=== Begin Enclosure ===

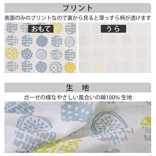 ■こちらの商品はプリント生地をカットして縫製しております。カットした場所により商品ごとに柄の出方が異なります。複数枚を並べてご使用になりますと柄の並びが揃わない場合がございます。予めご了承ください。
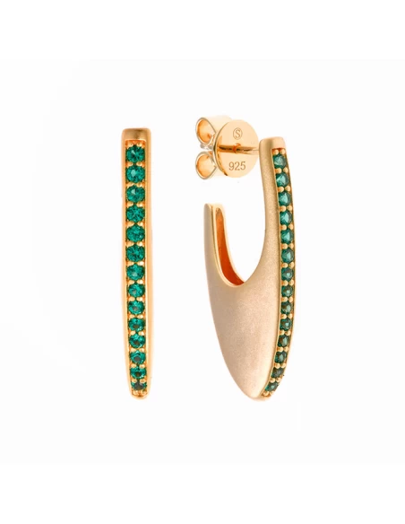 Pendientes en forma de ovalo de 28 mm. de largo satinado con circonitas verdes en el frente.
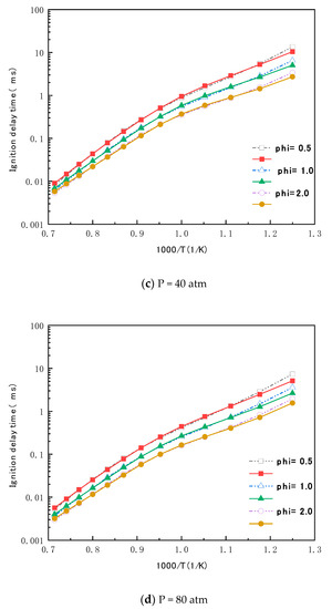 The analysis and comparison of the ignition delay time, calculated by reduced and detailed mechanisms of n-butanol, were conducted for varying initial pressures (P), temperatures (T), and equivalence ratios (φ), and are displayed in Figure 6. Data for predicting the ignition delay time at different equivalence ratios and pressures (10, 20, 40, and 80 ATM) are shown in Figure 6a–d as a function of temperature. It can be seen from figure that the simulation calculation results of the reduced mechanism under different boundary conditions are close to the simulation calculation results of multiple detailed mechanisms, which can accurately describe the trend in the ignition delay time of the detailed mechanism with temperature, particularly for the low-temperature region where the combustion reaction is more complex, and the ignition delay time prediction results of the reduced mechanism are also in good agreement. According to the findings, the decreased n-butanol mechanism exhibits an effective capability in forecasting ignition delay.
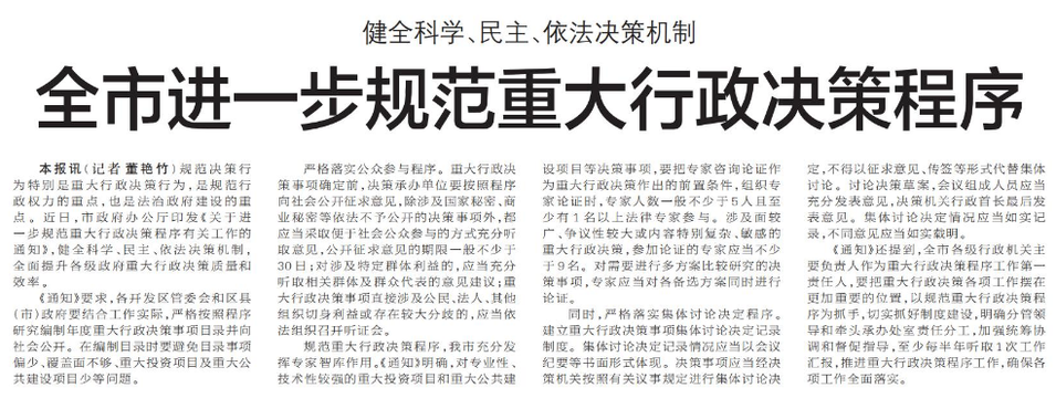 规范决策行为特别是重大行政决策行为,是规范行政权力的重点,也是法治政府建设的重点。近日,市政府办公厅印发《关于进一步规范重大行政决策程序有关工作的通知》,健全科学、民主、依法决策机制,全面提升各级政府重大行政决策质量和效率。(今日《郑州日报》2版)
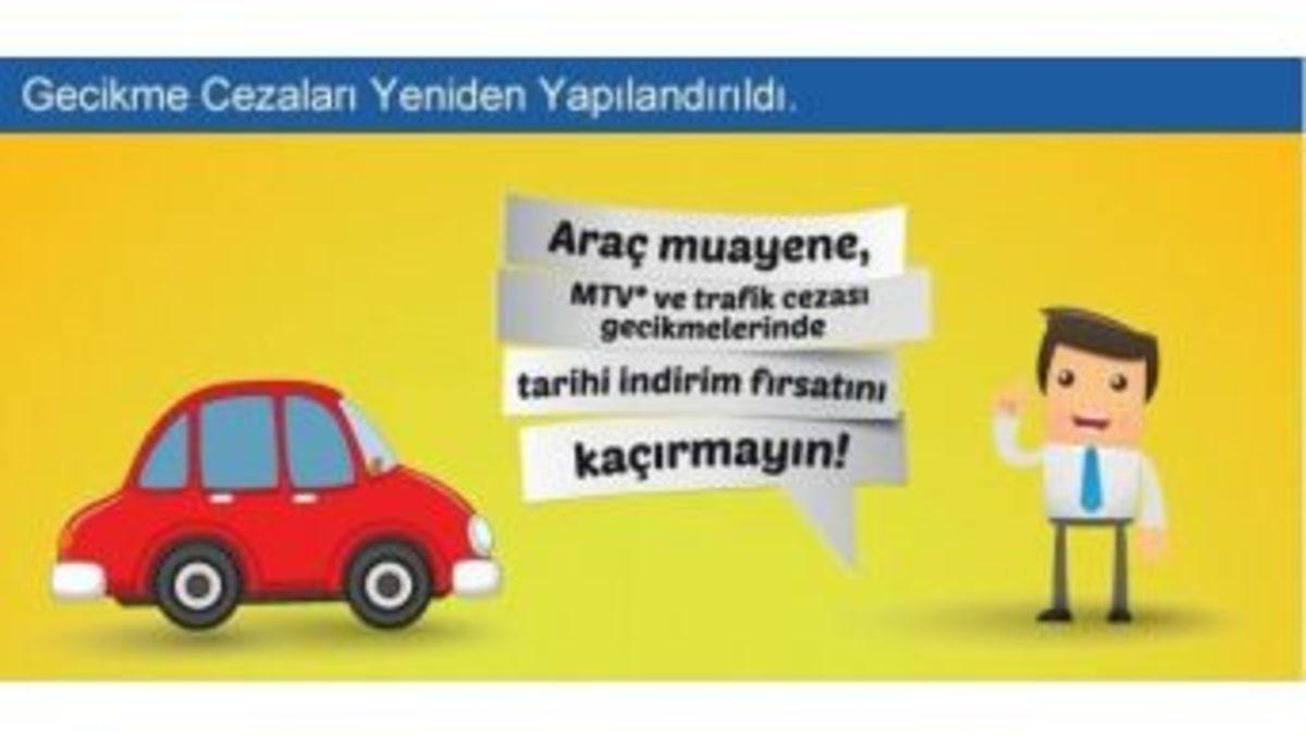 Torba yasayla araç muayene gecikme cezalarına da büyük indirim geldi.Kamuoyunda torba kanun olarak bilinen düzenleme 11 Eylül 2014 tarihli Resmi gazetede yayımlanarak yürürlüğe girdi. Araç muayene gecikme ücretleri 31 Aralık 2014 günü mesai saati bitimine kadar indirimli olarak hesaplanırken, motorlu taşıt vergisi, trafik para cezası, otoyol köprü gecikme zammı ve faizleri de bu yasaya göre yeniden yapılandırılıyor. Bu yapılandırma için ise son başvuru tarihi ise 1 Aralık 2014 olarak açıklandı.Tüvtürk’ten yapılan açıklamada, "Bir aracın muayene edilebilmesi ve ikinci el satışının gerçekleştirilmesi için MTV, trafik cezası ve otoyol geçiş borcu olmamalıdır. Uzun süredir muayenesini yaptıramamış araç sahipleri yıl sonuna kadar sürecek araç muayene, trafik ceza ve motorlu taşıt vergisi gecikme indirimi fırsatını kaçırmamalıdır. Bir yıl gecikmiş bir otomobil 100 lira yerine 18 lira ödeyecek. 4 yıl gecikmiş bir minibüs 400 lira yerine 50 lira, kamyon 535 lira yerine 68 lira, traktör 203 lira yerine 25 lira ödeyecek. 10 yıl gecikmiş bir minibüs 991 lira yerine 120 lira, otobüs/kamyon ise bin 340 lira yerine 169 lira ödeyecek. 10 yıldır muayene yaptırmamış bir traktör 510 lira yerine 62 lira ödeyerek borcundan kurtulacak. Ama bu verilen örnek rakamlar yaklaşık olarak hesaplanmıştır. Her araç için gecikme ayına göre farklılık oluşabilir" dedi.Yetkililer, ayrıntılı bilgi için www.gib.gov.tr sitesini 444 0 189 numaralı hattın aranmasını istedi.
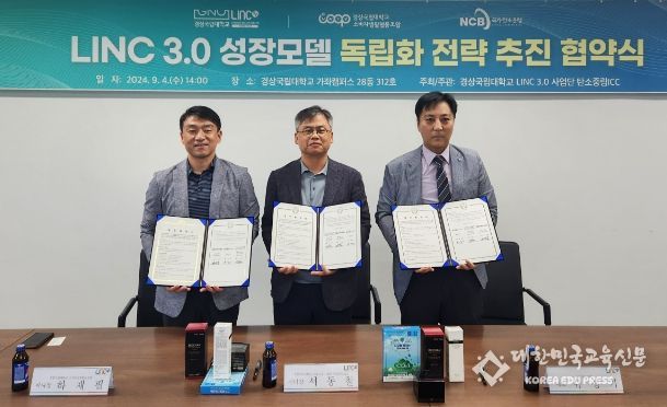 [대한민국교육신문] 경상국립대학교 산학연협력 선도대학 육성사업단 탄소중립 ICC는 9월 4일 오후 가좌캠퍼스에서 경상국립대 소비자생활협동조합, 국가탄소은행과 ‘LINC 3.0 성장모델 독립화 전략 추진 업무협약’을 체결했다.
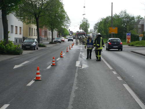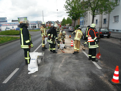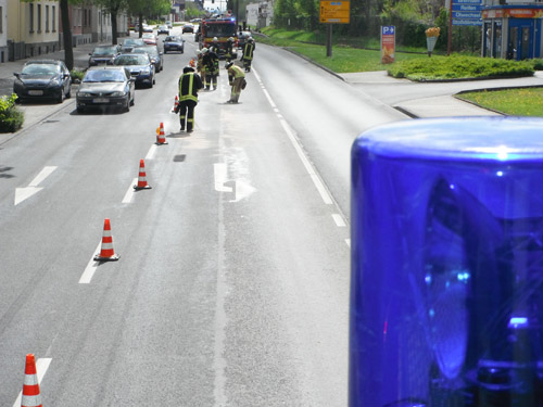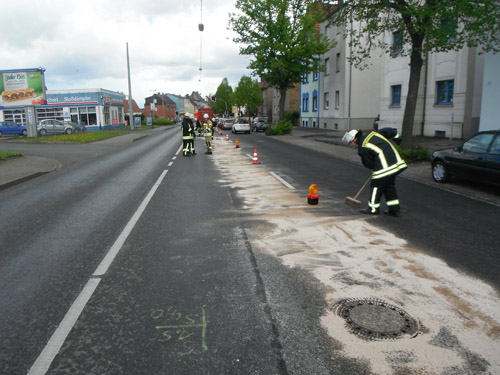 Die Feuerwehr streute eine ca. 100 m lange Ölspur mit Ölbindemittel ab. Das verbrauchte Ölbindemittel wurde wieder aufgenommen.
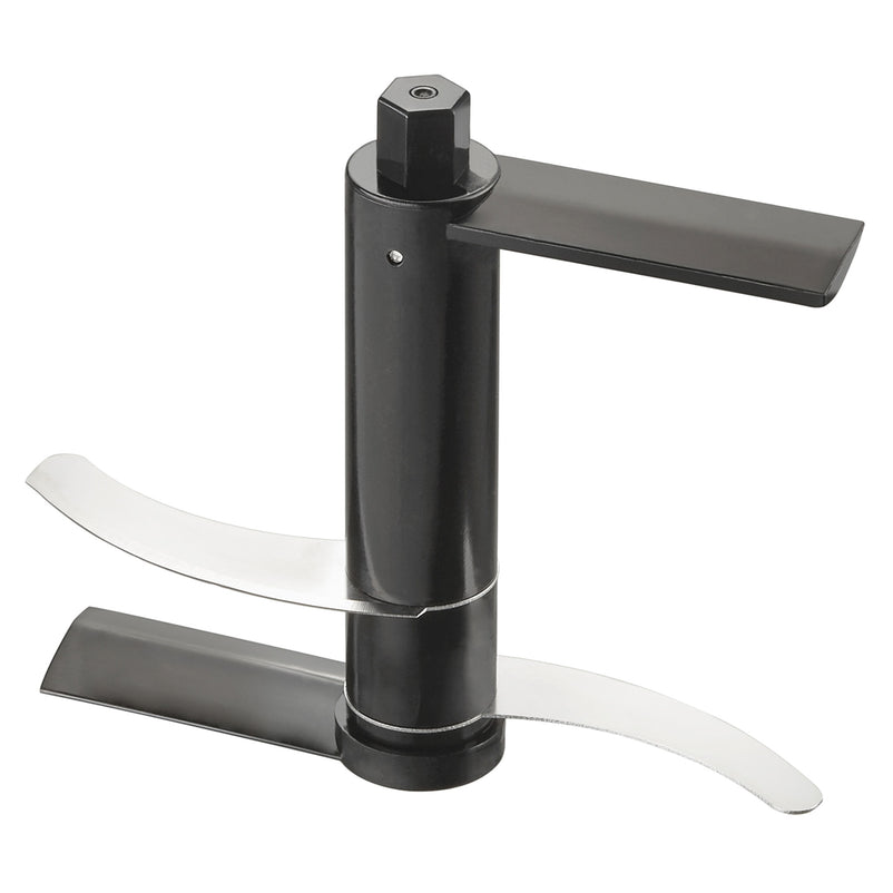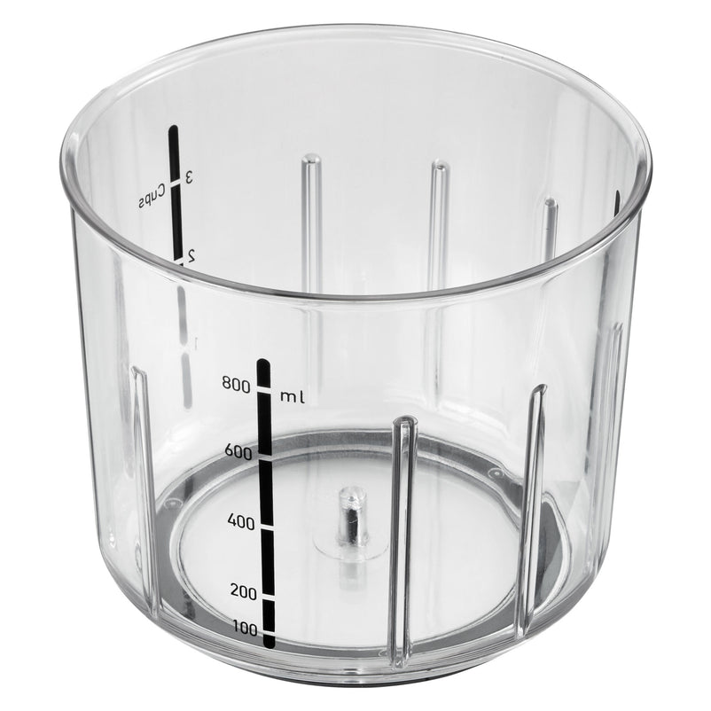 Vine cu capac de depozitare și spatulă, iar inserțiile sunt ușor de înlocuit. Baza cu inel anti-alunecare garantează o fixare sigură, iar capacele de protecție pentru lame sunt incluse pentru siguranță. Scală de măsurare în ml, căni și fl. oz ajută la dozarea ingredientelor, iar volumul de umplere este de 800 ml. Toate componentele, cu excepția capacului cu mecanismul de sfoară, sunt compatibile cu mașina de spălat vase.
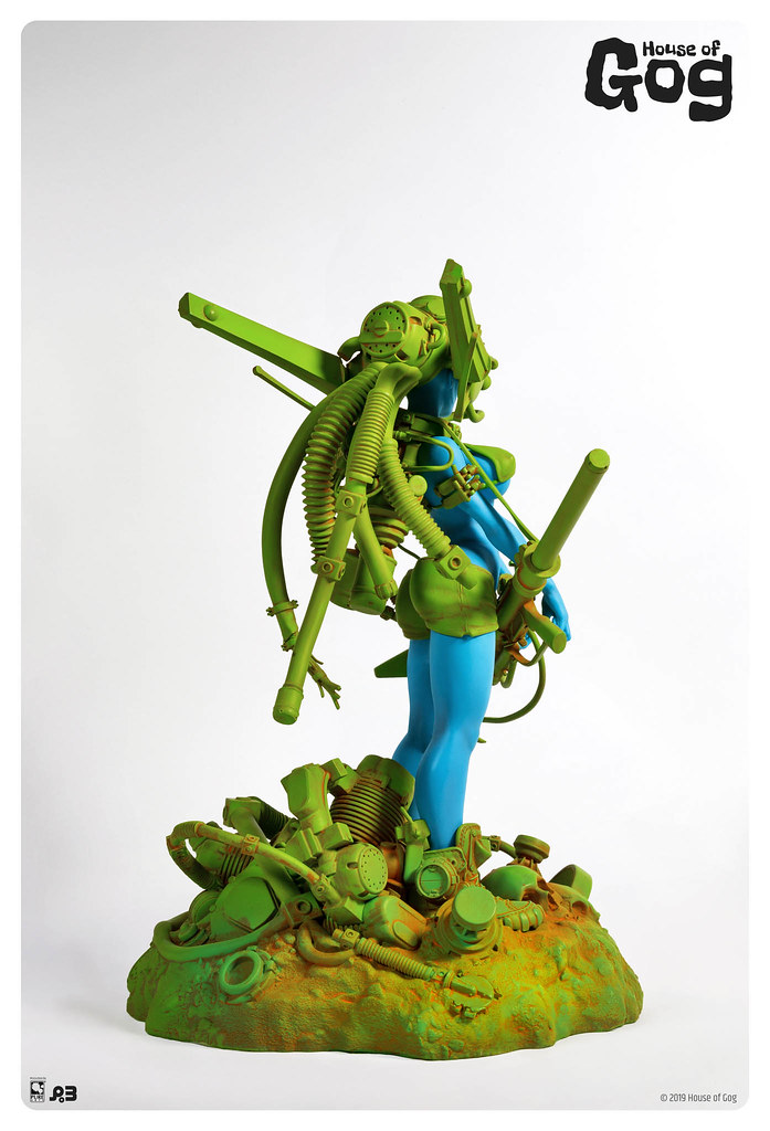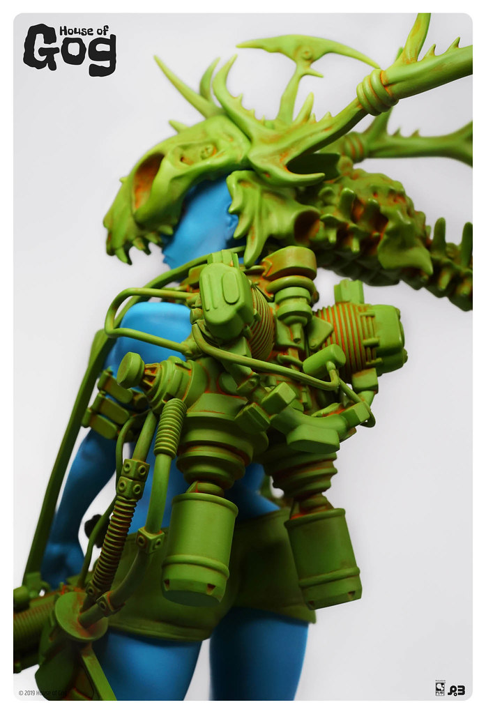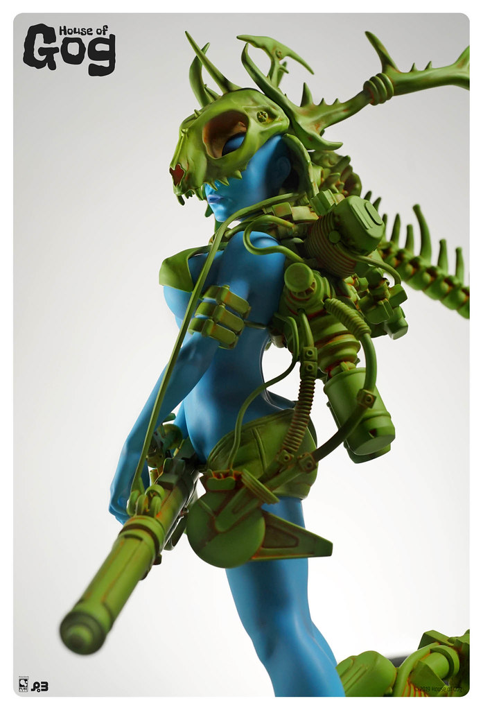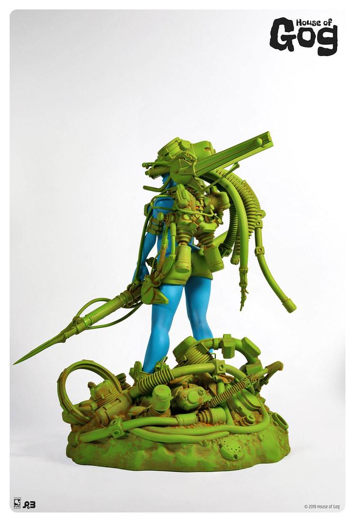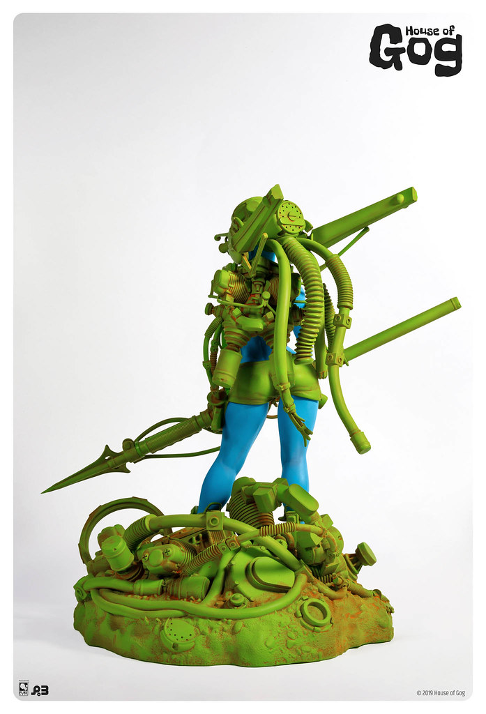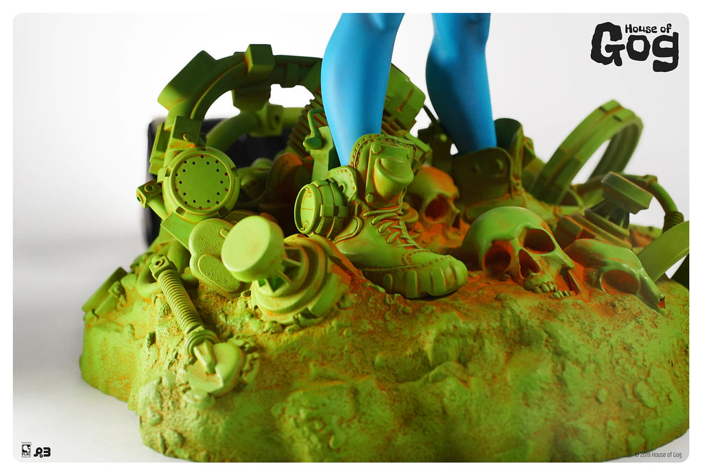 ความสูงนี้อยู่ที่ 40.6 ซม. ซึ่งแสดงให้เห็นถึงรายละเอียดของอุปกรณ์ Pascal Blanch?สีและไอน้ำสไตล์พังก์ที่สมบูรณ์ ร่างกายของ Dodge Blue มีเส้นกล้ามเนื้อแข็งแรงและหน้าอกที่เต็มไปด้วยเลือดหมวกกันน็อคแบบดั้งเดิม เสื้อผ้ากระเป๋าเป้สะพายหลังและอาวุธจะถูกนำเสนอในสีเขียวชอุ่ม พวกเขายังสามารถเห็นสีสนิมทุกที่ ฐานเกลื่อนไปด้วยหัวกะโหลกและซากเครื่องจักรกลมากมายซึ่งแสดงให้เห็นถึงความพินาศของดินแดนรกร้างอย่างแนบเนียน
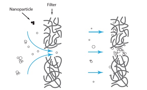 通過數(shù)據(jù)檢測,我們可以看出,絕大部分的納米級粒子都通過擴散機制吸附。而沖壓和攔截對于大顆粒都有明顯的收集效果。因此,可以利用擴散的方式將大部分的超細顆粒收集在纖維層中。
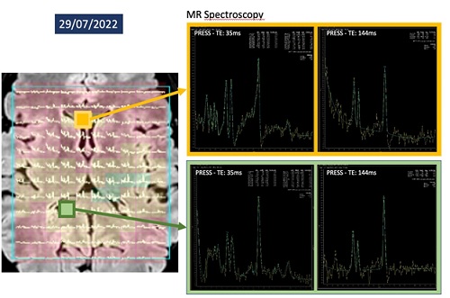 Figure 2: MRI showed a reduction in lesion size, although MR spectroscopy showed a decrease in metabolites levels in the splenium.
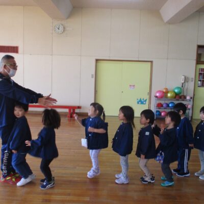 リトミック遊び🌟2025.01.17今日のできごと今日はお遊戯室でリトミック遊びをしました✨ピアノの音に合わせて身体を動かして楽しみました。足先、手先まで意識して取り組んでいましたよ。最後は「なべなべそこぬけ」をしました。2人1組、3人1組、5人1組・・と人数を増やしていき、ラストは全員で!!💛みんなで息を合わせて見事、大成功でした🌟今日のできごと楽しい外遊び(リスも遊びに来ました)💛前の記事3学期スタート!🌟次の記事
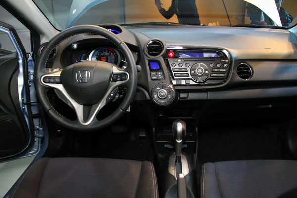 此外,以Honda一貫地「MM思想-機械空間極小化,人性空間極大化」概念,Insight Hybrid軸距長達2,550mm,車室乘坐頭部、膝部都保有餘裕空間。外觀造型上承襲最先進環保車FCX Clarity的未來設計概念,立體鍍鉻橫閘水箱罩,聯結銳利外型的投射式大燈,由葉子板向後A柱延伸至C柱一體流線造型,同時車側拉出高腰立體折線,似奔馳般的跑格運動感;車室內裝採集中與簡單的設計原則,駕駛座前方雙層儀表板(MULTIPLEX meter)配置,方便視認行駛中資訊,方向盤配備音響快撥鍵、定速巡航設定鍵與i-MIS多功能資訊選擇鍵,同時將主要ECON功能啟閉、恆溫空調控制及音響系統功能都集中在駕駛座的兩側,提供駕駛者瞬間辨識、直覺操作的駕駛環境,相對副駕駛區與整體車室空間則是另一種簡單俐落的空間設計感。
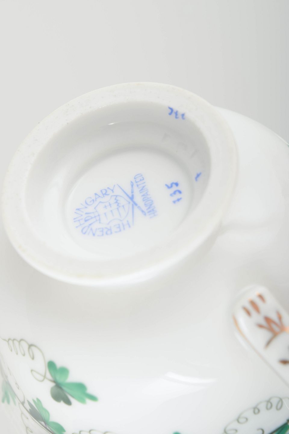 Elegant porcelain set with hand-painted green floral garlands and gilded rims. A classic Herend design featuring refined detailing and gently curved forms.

=== End Enclosure ===

Given the listing above, repeat exactly the lines starting at the one with "Vine cu capac" and ending at the one with "Figure 2: MRI", inclusive, excluding pictures.

 Vine cu capac de depozitare și spatulă, iar inserțiile sunt ușor de înlocuit. Baza cu inel anti-alunecare garantează o fixare sigură, iar capacele de protecție pentru lame sunt incluse pentru siguranță. Scală de măsurare în ml, căni și fl. oz ajută la dozarea ingredientelor, iar volumul de umplere este de 800 ml. Toate componentele, cu excepția capacului cu mecanismul de sfoară, sunt compatibile cu mașina de spălat vase.
 ความสูงนี้อยู่ที่ 40.6 ซม. ซึ่งแสดงให้เห็นถึงรายละเอียดของอุปกรณ์ Pascal Blanch?สีและไอน้ำสไตล์พังก์ที่สมบูรณ์ ร่างกายของ Dodge Blue มีเส้นกล้ามเนื้อแข็งแรงและหน้าอกที่เต็มไปด้วยเลือดหมวกกันน็อคแบบดั้งเดิม เสื้อผ้ากระเป๋าเป้สะพายหลังและอาวุธจะถูกนำเสนอในสีเขียวชอุ่ม พวกเขายังสามารถเห็นสีสนิมทุกที่ ฐานเกลื่อนไปด้วยหัวกะโหลกและซากเครื่องจักรกลมากมายซึ่งแสดงให้เห็นถึงความพินาศของดินแดนรกร้างอย่างแนบเนียน
 通過數(shù)據(jù)檢測,我們可以看出,絕大部分的納米級粒子都通過擴散機制吸附。而沖壓和攔截對于大顆粒都有明顯的收集效果。因此,可以利用擴散的方式將大部分的超細顆粒收集在纖維層中。
 Figure 2: MRI showed a reduction in lesion size, although MR spectroscopy showed a decrease in metabolites levels in the splenium.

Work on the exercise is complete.